Awww. Hmmm. So he didn’t really mean to be at the lynching. He wasn’t really for it. Doesn’t believe in that. But couldn’t leave. What would people think? But what an ugly thing to happen. Gosh!
Assuming he never intended to murder, let’s have the officer explain to the mother and family of Oscar Grant that her son, their manchild, deserved to be spread-eagled on his belly on a concrete floor and tazored – OOOOPS, I mean shot in the back – for jumping a turnstile.
And so we have yet another chapter in the long, long and continuing book of lynchings and shootings of Black men by innocent White men. Innocent because they really, really didn’t mean to do it.
And for your readers who reply to your ode about this terrorism and violence by condemning the so-called riots that follow, they need to extend their readings to include this long, long, and continuing book.
No, wait, they don’t have to go through all that trouble. All they need to do is look across the room at the picture of that loved one on their wall and imagine how they would feel if that loved one were shot in the back while lying face down on a concrete floor.
Thanks, K-B for giving me a chance to vent a bit. It helps. A bit. I still feel like I could release even more if I threw a brick through a window.
Thank you, Mike, for sharing your story — and the one to come!
Love,
K-B
Hi, Honey!
Nice play, Kevin!
Love,
K-B
I really liked this!!!
We have always had two systems of justice — one for the military and police, and one for civilians. “Military justice”, like police justice, brings absolution and exoneration automatically; civilian justice is based on race, wealth or political clout. If a civilian has the money or clout to buy a good defense, he escapes punishment in most cases. A person of color, especially if poor, is frequently denied justice. Oscar Grant is just such a man. Shame on America!
1. Shame on the officer, who was in the company of his full force – thus outnumbering the young man faced down and on the floor – AND suffered from a phobic-breakdown (blackphobia??) so intensely that he couldn’t tell the difference between the weight and feel of a round gun’s butt and a squared plastic-light taser. Personally, I don’t buy the mistake argument. Every profession develops skills and intuitions where everything – even a keyboard – becomes a blindfolded second nature. I don’t buy the mistake argument. Don’t buy. Don’t buy it. Don’t buy it.

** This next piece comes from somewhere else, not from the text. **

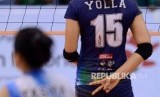 Pemain bola voli Putri Jawa Barat Yolla Yuliana memberikan tanda isyarat saat melawan tim bola voli Jatim pada final PON XIX di Gelora Sabilulungan, Kompleks Stadion Si Jalak Harupat, Kabupaten Bandung, Jabar, Rabu (28/9). (FOTO : Republika/Rakhmawaty La'lang)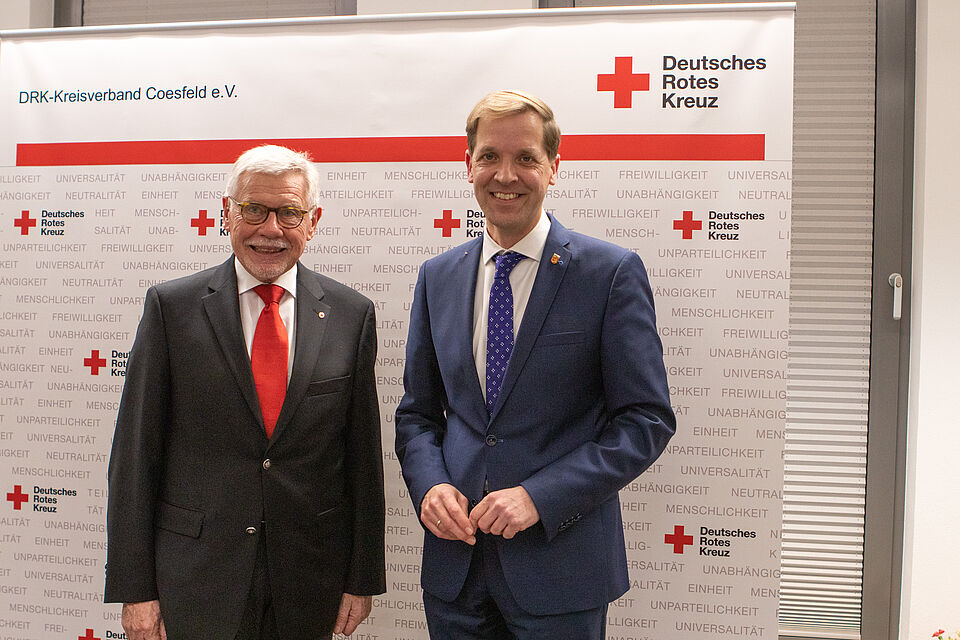Diese stand ganz im Zeichen des Abschieds und des Neubeginns. Nach zwölf Jahren an der Spitze des Verbandes übergab Präsident Konrad Püning sein Amt an Landrat Dr. Christian Schulze Pellengahr, der von den Mitgliedern zum Nachfolger gewählt wurde. Püning konnte zuvor mit Stolz die Fertigstellung der erweiterten Geschäftsstelle vermelden – ein Herzensprojekt, das seine Amtszeit krönte. Ein emotionaler Höhepunkt war die Auszeichnung des scheidenden Präsidenten mit der Landesverdienstmedaille des DRK-Landesverbandes Westfalen-Lippe, überreicht durch den Präsidenten des Landesverbandes, Dr. Fritz Baur. In seiner Laudatio würdigte Dr. Baur das langjährige Engagement und die Verdienste Pünings: „Wir haben viele Jahre Tür an Tür gearbeitet – und ich weiß, mit welcher Leidenschaft er sich für das Rote Kreuz eingesetzt hat.“ Mit großem Applaus und herzlichen Worten verabschiedeten die Mitglieder ihren Präsidenten, bevor der Abend bei Gesprächen und einem Rundgang durch das neue DRK-Zentrum ausklang.

2. Shame on the rioters (personally, I think there’s a psychological schism somewhere because I don’t understand the Laker fan mentality to destroy no matter if winning or losing for example) who exploit social injustice to create more injustice (private property, innocent bystanders etc.) I’ve witnessed a mob nearly kill one person to death 40-to-1, and it’s chilling to see the animalistic pitbull-like rage that engulfs people who let emotion take over reason. I’ve also seen footage of lootings and it’s clear it’s all rage and pillage, which I would say ok, display some of this but go to the police headquarters at least and confront those who are apparently at fault. There’s something coward-like in not dealing with the source of one’s anger.
Hola, One Billete (tee and hee),
I’ve read some very interesting analyses of the rioting phenomena (my choice of word). Nonetheless, it still astounds me — harming your own as a response to being harmed, yikes!
Love,
K-B
I have wanted many times to write about this episode, but all I could find was diffused outrage. Kit-Bacon has concentrated the full outrage into a small nuclear device for readers to “contemplate”. But there it appears in just a few words – small and full of fury. Contemplate deeply only with extreme caution.
Only art and poetry can concentrate such emotional fury.
I have not felt such outrage since two nooses were hung from the “whites only tree” in the schoolyard in Jena, Louisiana, close to where close relatives live:
http://topics.nytimes.com/top/news/national/usstatesterritoriesandpossessions/louisiana/jena/index.html
Lets stop making excuses for killing unarmed man in cold blood. If cop cant tell the difference between taser and real gun he should not be cop. Taser is bad enough! This is murder!!!!